La Spezia mette in mostra la cultura

Stanca di essere una cenerentola lasciata a casa dalla matrigna Genova, La Spezia è finalmente scesa in campo. Nel giro di pochi anni il capoluogo spezzino è diventato un attivo centro culturale. Mostre, concerti, conferenze, nuove gallerie: tutto lascia intendere che la Superba dovrebbe iniziare a guardarsi le spalle.
A questa rinascita ha contribuito l’apertura del Camec, Centro d’Arte Moderna e Contemporanea. Situato nel cuore della città, nell’ex tribunale (Piazza Cesare Battisti, numero 1), il museo vanta una ricca collezione permanente, frutto delle opere provenienti dal Premio del Golfo e dalle donazioni Cozzani e Battolini. A tutto questo si aggiunge la volontà del direttore, Bruno Corà, di promuovere grandi eventi.
Ecco spiegato il perché di tante ferie negate: al Camec sono in corso ben due mostre personali, nell’ambito del programma «Enclave», dedicato ai progetti d’artista. Protagonisti due nomi appartenenti alla stessa generazione, vessata dagli strascichi dell’informale. Entrambi sono «usciti dal coro» ritagliandosi spazi autonomi di riflessione e passando attraverso catartiche «purificazioni»: Gastini con un interesse analitico e Ranaldi coi film d’artista.
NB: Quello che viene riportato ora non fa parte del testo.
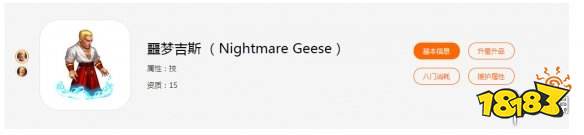 战斗中增加自身抗暴率;噩梦吉斯每回合开始时获得复仇之力,初始获得12%伤害免伤,第一回合起每回合提升6%,最高提升至30%,每回合体型扩大,最多扩大3次;噩梦吉斯每次击杀对方格斗家,获得强化(恢复自身15%最大生命值,清除自身异常状态,1回合内免疫负面状态,首次击杀时直接获得全部复仇之力);每回合敌方随机一名格斗家陷入噩梦,持续1回合,噩梦吉斯登场时,若敌我双方均仅一人,则此效果不生效;噩梦吉斯免疫噩梦;噩梦吉斯受到重击时(单次伤害超过最大生命值的30%),获得1层复仇之力,并标记攻击者为复仇目标,下一回合开始时,优先给攻击者添加噩梦;任意敌方格斗家在噩梦狀态时阵亡,噩梦吉斯获得全部复仇之力

La mostra dedicata al torinese Marco Gastini (fino al 4 settembre) presenta un nucleo di lavori realizzati sui quattro elementi primari: aria, acqua, fuoco e terra. Opere recenti, che sono una summa e insieme una riflessione sul percorso dell’artista, da sempre attento allo spazio, al segno e alla materia. «Quando penso a un lavoro - spiega Gastini - penso a uno spazio, a uno spazio che sta attorno all’idea del lavoro».
Nascono così le sue grandi opere, a metà tra pittura e scultura, ove entrano in gioco materiali come il piombo, l’alluminio, la carta ma anche nastri, tondini di ferro, carbone, carrube e legno. Ogni materiale diventa materia pittorica, evocazione e parola con cui aprire squarci nello spazio.
La seconda mostra è un progetto concepito ad hoc per l’occasione, «Dispositivi per l’ora d’aria» di Renato Ranaldi (fino al 15 settembre).
L’artista fiorentino riflette sui meccanismi che conducono l’arte a essere un pretesto per attirare clamore. Con installazioni-sculture di grande formato, Ranaldi invade gli spazi del Camec giocando a rimpiattino tra esasperazione e straniamento percettivo. Telai di quadri senza tele, dipinti di rosa e ammassati contro un muro formano un’enorme scultura. Scale dalle impossibili salite, sono alcune delle opere che costringono lo spettatore a mettere in discussione l’apparente tranquillità del reale.